The McGahan Performance and Its Particular Strengths
Anna McGahan narrates with a quality that I can only describe as earned quietness. She does not impose feeling onto the letters; she reads them as though discovering them for the first time alongside the listener. Her Australian accent grounds the material geographically, and she handles the shifts between nurses’ voices with enough variation that the different women remain distinct without resorting to caricature. The more harrowing passages, the descriptions of surgical tents and the sound of mass casualties, McGahan reads with a steadiness that amplifies rather than distances the horror.
The runtime of just under eleven hours feels appropriate. The book is not padded. Each section earns its place.
What the TV Adaptation Gets Wrong and the Book Gets Right
At least one Audible reviewer mentions this is the source material for an ABC television series, which is true, and it is worth saying clearly: the book is a different experience from any dramatization. Television requires compression, character selection, narrative arc. The book’s value lies precisely in its refusal of those constraints. It accommodates the sprawl of many voices over four years of war. Listeners who have seen the series should not expect the book to feel like the behind-the-scenes companion. It is the primary document from which the series borrowed, and it is richer for being that.

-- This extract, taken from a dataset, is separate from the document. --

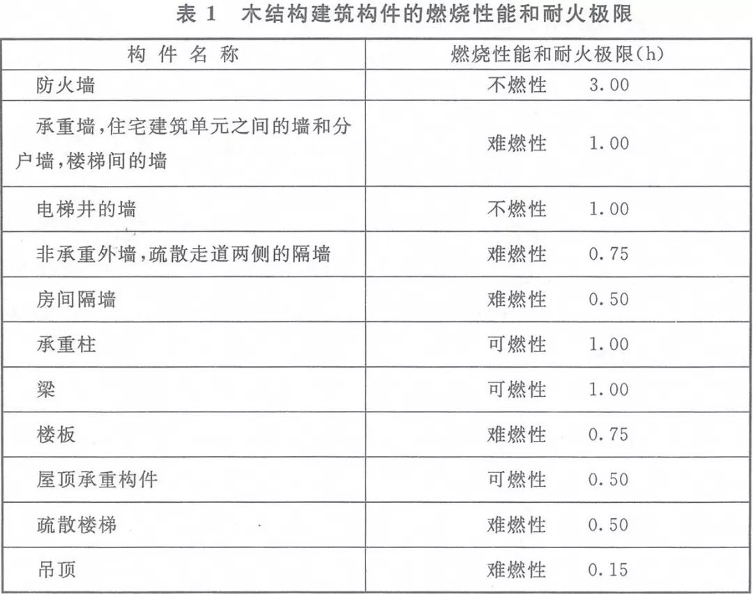 1、木結(jié)構(gòu)建筑的防火設(shè)計(jì)可按本文的規(guī)定執(zhí)行。建筑構(gòu)件的燃燒性能和耐火極限應(yīng)符合下表1的規(guī)定。

Who Should Listen, Who Should Skip
Anzac Girls is essential for anyone interested in the female contribution to WWI, Australian and New Zealand military history, or the history of nursing in wartime. It works well for listeners comfortable with a documentary structure that privileges archival voice over narrative momentum. Those expecting a conventional biography or a single propulsive story should adjust their expectations. The rating of 4.4 across 658 reviews reflects a book that has found exactly its audience, which is to say a large and grateful one.
Frequently Asked Questions
Does Anzac Girls cover nurses from both Australia and New Zealand equally?
Rees draws from both Australian and New Zealand nurses’ accounts, though Australian voices are somewhat more prevalent given the archival sources available. The book is explicitly framed as an Anzac history, and it honors both contributions. Listeners interested specifically in New Zealand nurses may want to supplement with other sources.
Is this book based on primary sources, or is it largely Rees’s own analysis?
The book is primarily constructed from letters and diaries written by the nurses themselves. Rees provides context and connective tissue, but the weight of the narrative comes from the women’s own words. This is what gives the book its intimacy and archival authority.
How does this audiobook relate to the ABC television series of the same name?
The TV series was based on this book. The two are substantially different experiences: the series necessarily compresses and dramatizes, while the book accommodates many more voices and a longer span of the war. Watching the series first may help orient listeners to the key figures, but the book contains far more depth.
Is the content graphic enough to be difficult for sensitive listeners?
Yes, in places. The descriptions of battlefield wounds, surgical conditions, and mass casualties are specific and unflinching, because the nurses wrote about them specifically. Rees does not sensationalize, but the material itself is harrowing. The book is better approached as serious history than casual listening.